After High School Nancy Later Lavoie worked and trained with Lendon Gray, Belinda Nairn (Wertman), and Jessica Ransehausen. By the age of twenty-four she had competed through the Grand Prix level. From the young rider years through her twenties Nancy taught and managed her parents farm in Rhode Island, also avid horsemen. Through these years Nancy had the opportunity to train with Robert Dover, in addition with continuous training with Lendon Gray. Her enthusiasm for the sport still growing strong, Nancy decided to go back to a learning environment and joined Oded Shimoni. She worked for Oded for eleven years having the good fortune to travel to Germany for training with Conrad Schumacher as well as managing Oded's horses through-out his qualifying and competing in the European and World Championships. During this time Nancy had the opportunity to train some super horses through the levels and recognized by the USET in their developing horse programs. This opened up the doors to ride in training clinics with top trainers such as Kyra Kyrklund, Ulla Salzgeber and Steffen Peters.
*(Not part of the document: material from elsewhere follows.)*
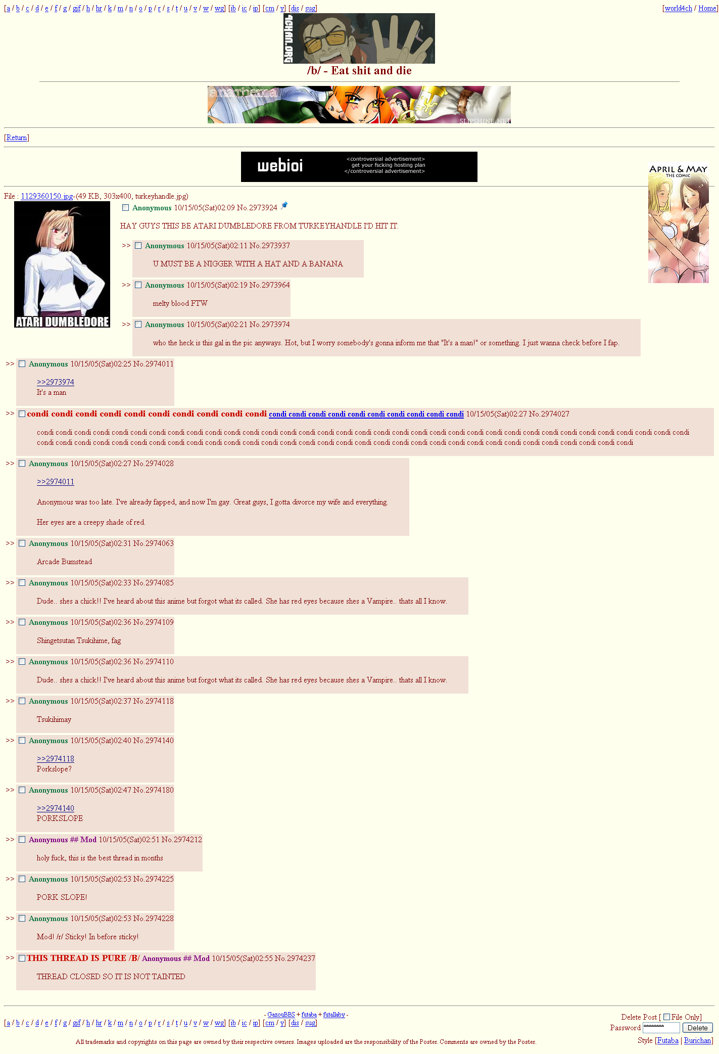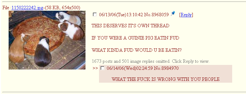 The speed is simply something I gave as an example of making proper discussion harder. It doesn't really affect the production of OC/memes though. A meme gets posted multiple times unlike a single thread/post made with effort, so it doesn't matter if a memepost archives, because it will be posted again sometime. Or it can live through screencaps if it's funny enough like the pics we're posting. This is a bigger problem in boards that have discussion instead of memes as their primary goal. moot was upset with people treating /v/ like /b/ back then because he wanted the board to have on-topic discussions (he's still a fag though, but he wasn't exactly wrong on this one).
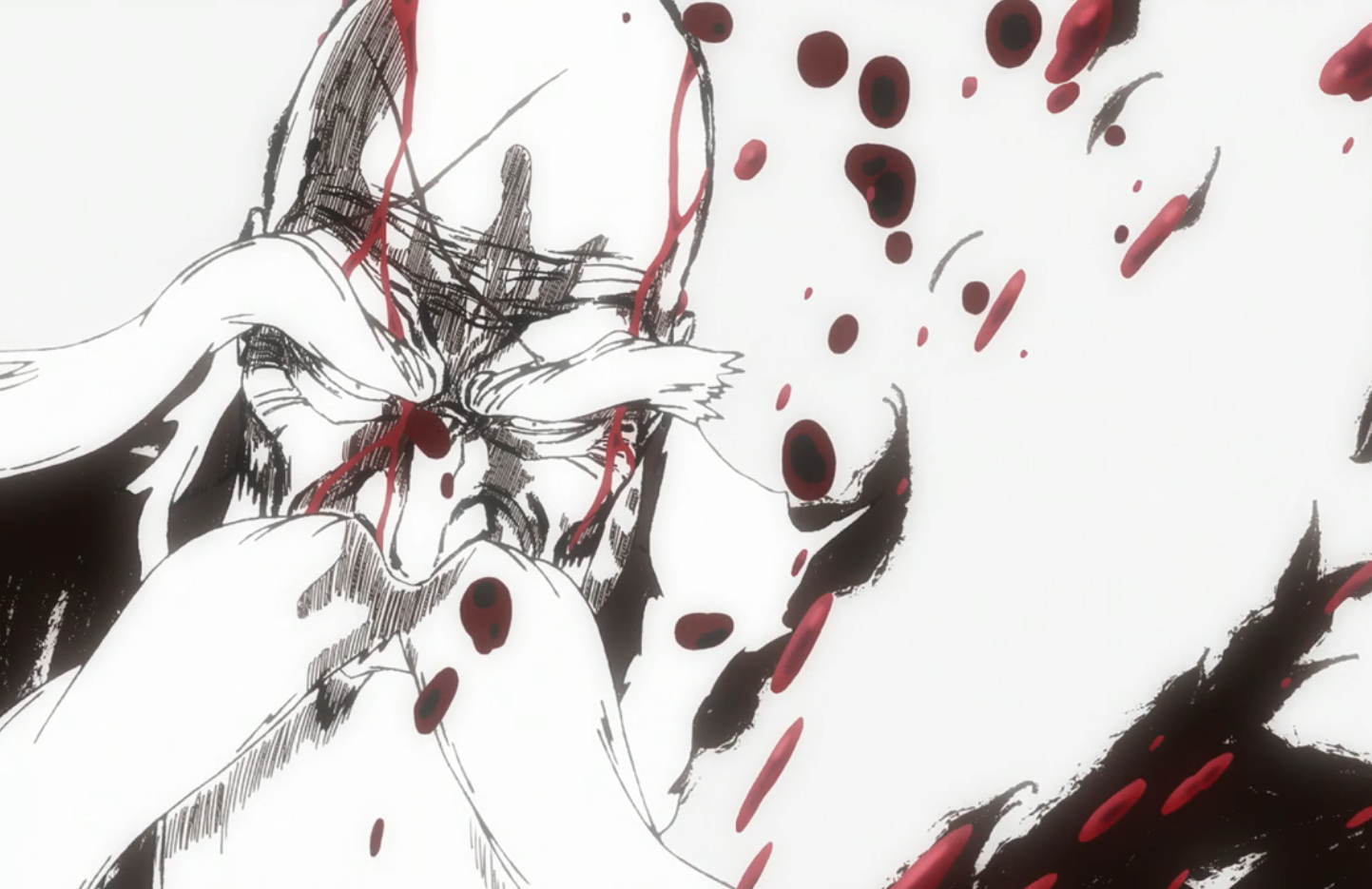 Yamamoto is diagonally slashed through by Yhwach's Reishi Broadsword.

She shared, “Going to Germany was a very big turning point for me in my life and in my life with horses. Dressage in Europe is so much a part of their culture. People there view the equestrian sports as we in America view baseball. Competing is a family event and spectators are educated and enthusiastic.
Dressage is special and was something that caught my attention when I was in high school. But, dressage in America was very young then, as it still is. I wish I had gone at a younger age to see what it is like in Europe. I encourage people to go visit and watch the shows, see the stables and if possible train there. I found it incredibly inspiring. There are a couple of very definite differences that helped my perspective.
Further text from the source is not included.